### Given data
_ _ _ _ _
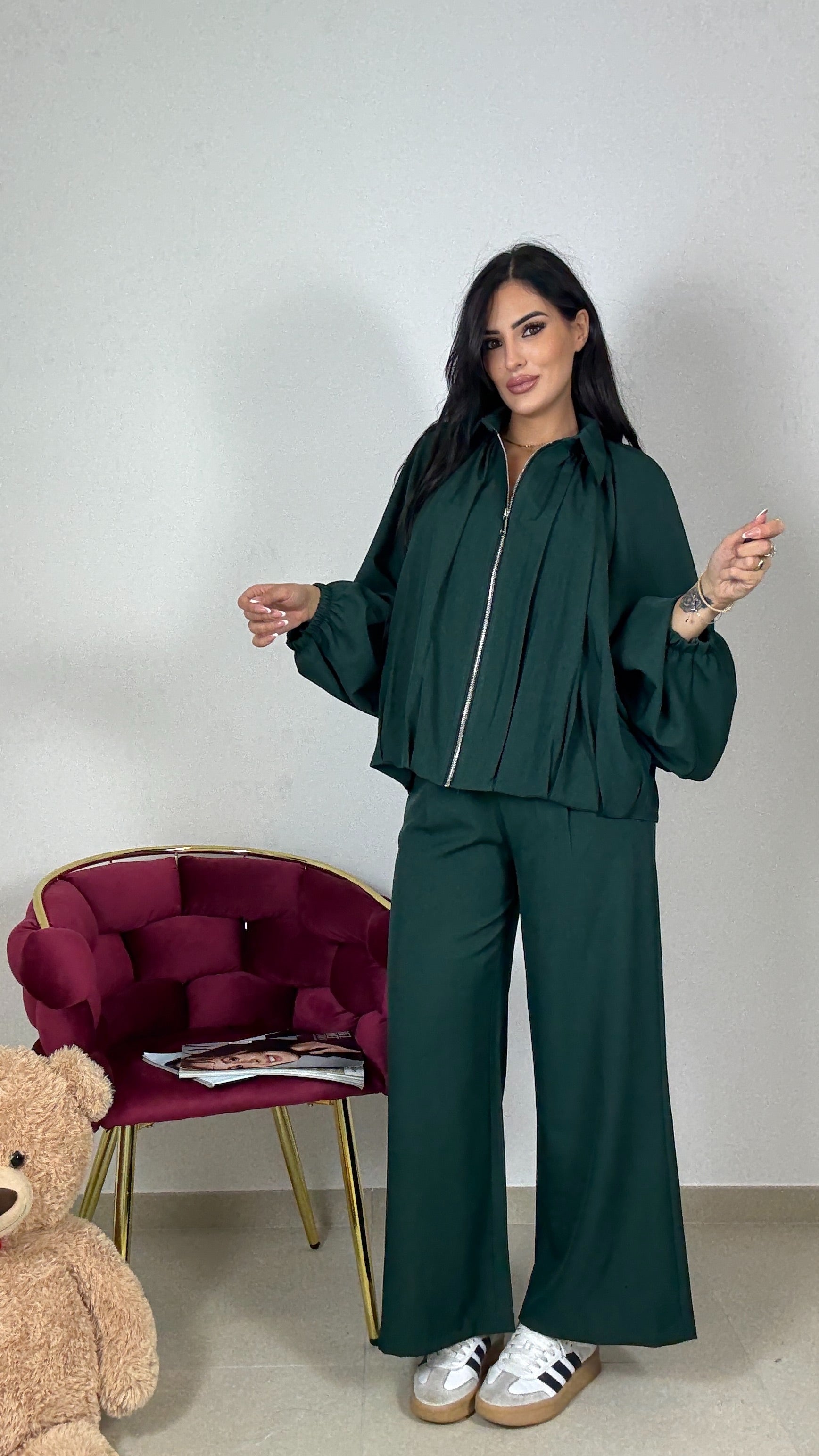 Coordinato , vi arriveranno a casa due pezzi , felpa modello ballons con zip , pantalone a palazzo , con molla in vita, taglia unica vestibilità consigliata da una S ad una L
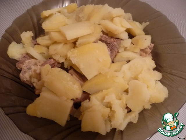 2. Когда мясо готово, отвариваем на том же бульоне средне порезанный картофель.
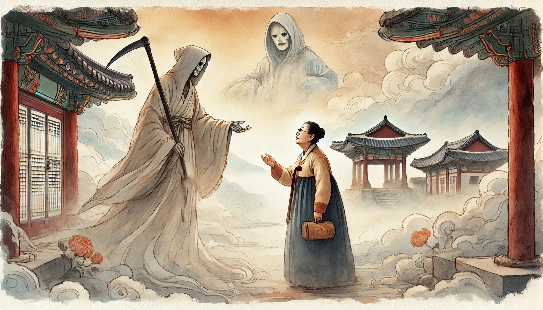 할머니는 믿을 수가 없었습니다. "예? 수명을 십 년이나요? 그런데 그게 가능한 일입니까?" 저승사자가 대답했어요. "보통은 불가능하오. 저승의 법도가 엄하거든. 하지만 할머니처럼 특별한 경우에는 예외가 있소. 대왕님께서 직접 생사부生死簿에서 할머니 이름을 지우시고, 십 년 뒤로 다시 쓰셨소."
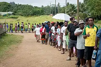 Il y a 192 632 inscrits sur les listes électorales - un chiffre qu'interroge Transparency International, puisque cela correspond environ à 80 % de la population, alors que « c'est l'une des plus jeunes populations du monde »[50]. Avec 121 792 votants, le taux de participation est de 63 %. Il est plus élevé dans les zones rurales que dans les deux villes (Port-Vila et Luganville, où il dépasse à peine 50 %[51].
_ _ _ _ _
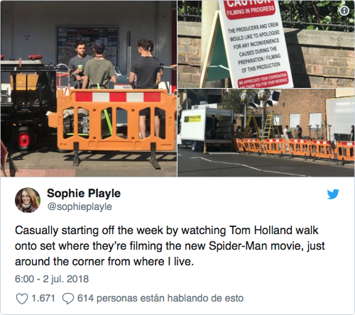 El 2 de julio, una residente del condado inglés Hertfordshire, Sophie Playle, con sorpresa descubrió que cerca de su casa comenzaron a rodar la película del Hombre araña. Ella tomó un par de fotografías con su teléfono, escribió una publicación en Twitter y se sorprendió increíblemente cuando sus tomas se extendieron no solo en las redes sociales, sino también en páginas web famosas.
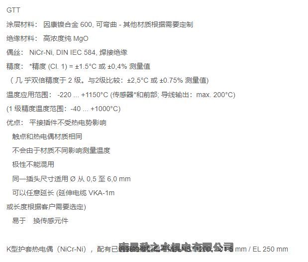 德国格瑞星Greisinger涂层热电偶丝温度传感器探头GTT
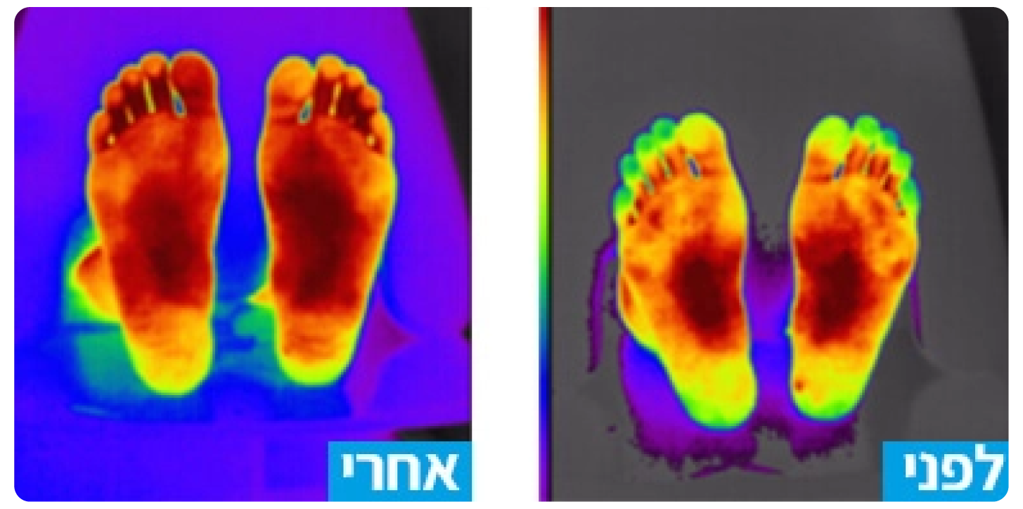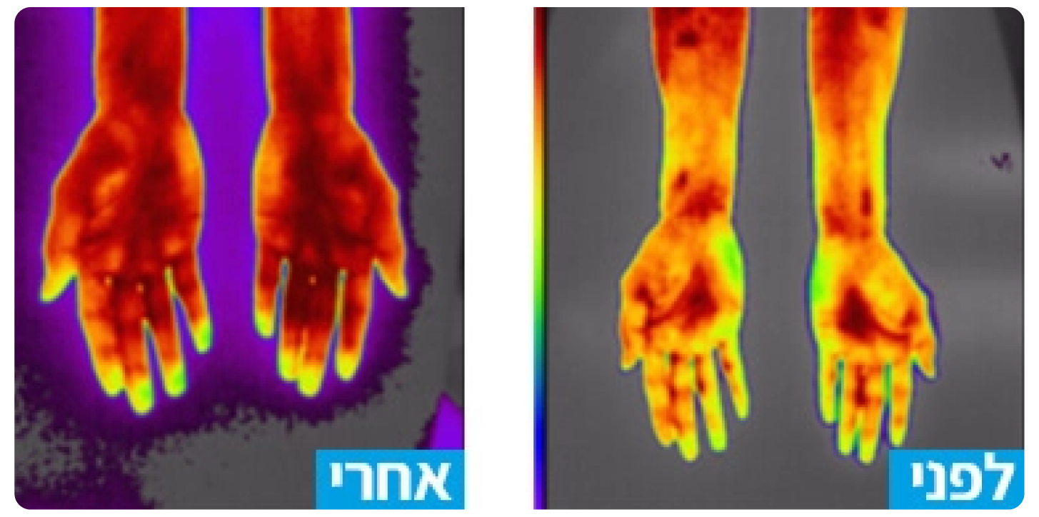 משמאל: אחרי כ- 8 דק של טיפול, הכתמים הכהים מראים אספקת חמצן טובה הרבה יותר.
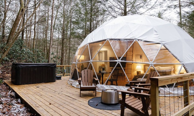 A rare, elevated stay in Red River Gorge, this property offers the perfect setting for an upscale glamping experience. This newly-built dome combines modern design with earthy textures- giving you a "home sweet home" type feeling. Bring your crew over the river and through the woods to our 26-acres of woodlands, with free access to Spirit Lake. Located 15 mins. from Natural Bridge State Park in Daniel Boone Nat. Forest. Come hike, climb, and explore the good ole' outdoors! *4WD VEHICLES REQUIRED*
_ _ _ _ _
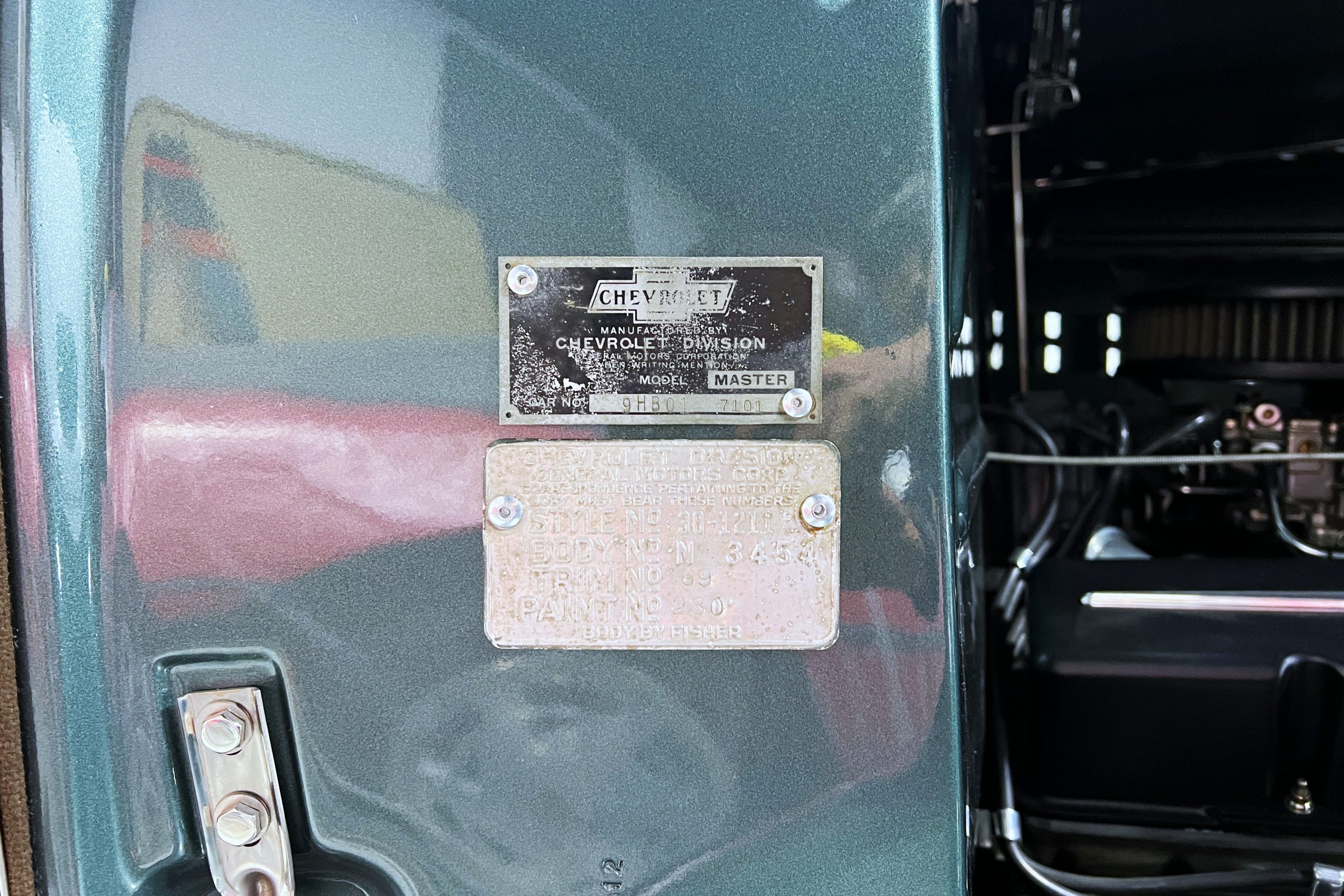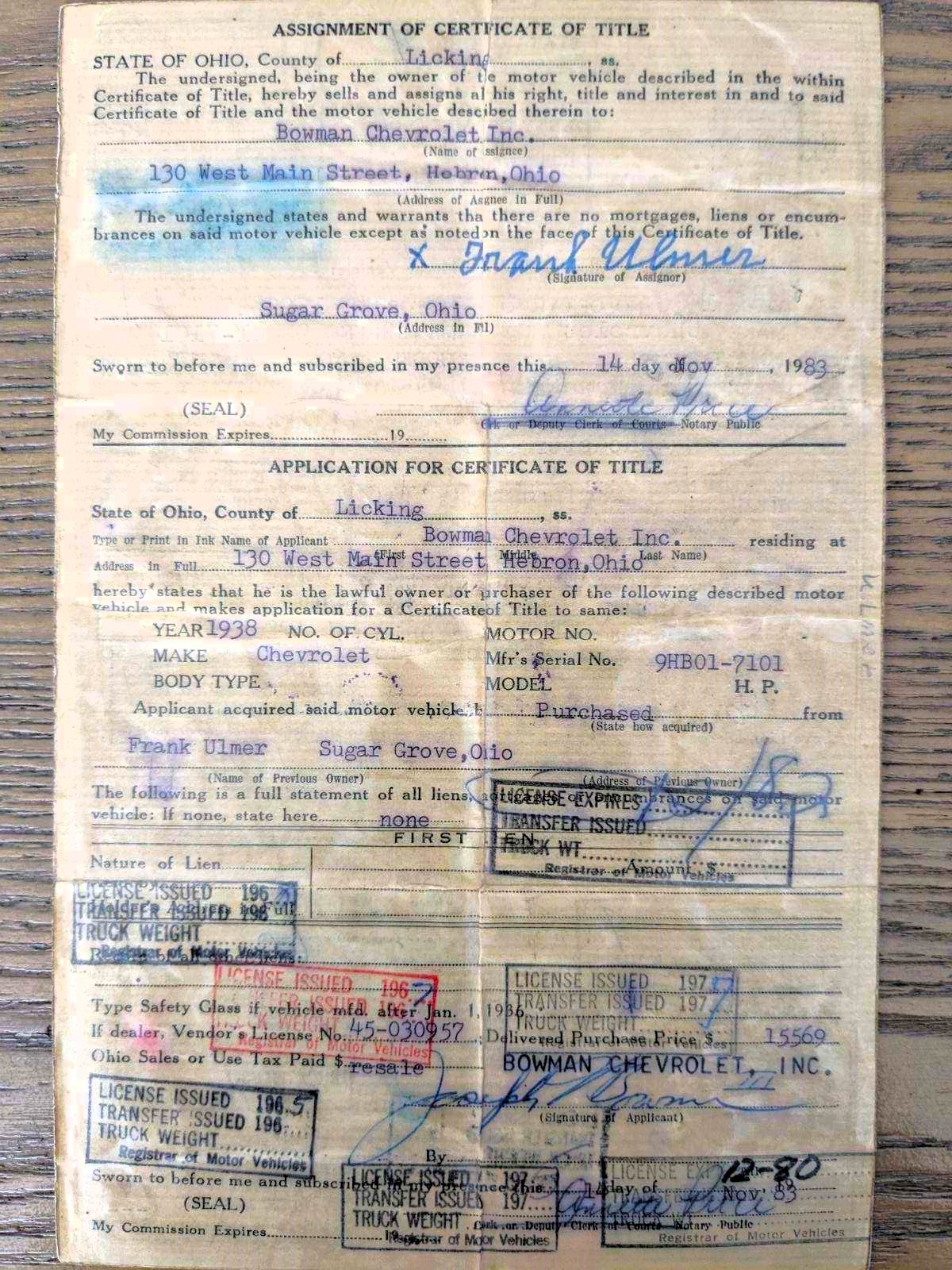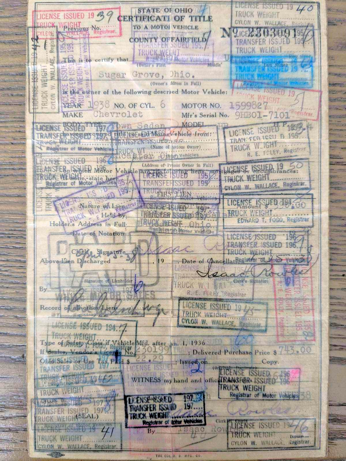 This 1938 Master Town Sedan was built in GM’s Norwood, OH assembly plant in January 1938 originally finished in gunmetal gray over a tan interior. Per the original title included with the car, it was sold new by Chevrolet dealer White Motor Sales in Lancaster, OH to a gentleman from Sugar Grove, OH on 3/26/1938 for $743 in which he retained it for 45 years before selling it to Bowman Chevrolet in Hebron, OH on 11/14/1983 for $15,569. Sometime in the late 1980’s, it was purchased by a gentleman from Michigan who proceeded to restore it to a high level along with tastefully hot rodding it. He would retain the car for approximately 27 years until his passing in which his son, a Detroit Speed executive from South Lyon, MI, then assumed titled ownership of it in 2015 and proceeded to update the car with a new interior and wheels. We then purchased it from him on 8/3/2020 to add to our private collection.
_ _ _ _ _
### Aim of the task
Transcribe only this stretch of the data: the line with "Coordinato , vi", the line with "할머니는 믿을 수가 없었습니다.", and every line in between. Leave out the pictures.

### The answer
 Coordinato , vi arriveranno a casa due pezzi , felpa modello ballons con zip , pantalone a palazzo , con molla in vita, taglia unica vestibilità consigliata da una S ad una L
 2. Когда мясо готово, отвариваем на том же бульоне средне порезанный картофель.
 할머니는 믿을 수가 없었습니다. "예? 수명을 십 년이나요? 그런데 그게 가능한 일입니까?" 저승사자가 대답했어요. "보통은 불가능하오. 저승의 법도가 엄하거든. 하지만 할머니처럼 특별한 경우에는 예외가 있소. 대왕님께서 직접 생사부生死簿에서 할머니 이름을 지우시고, 십 년 뒤로 다시 쓰셨소."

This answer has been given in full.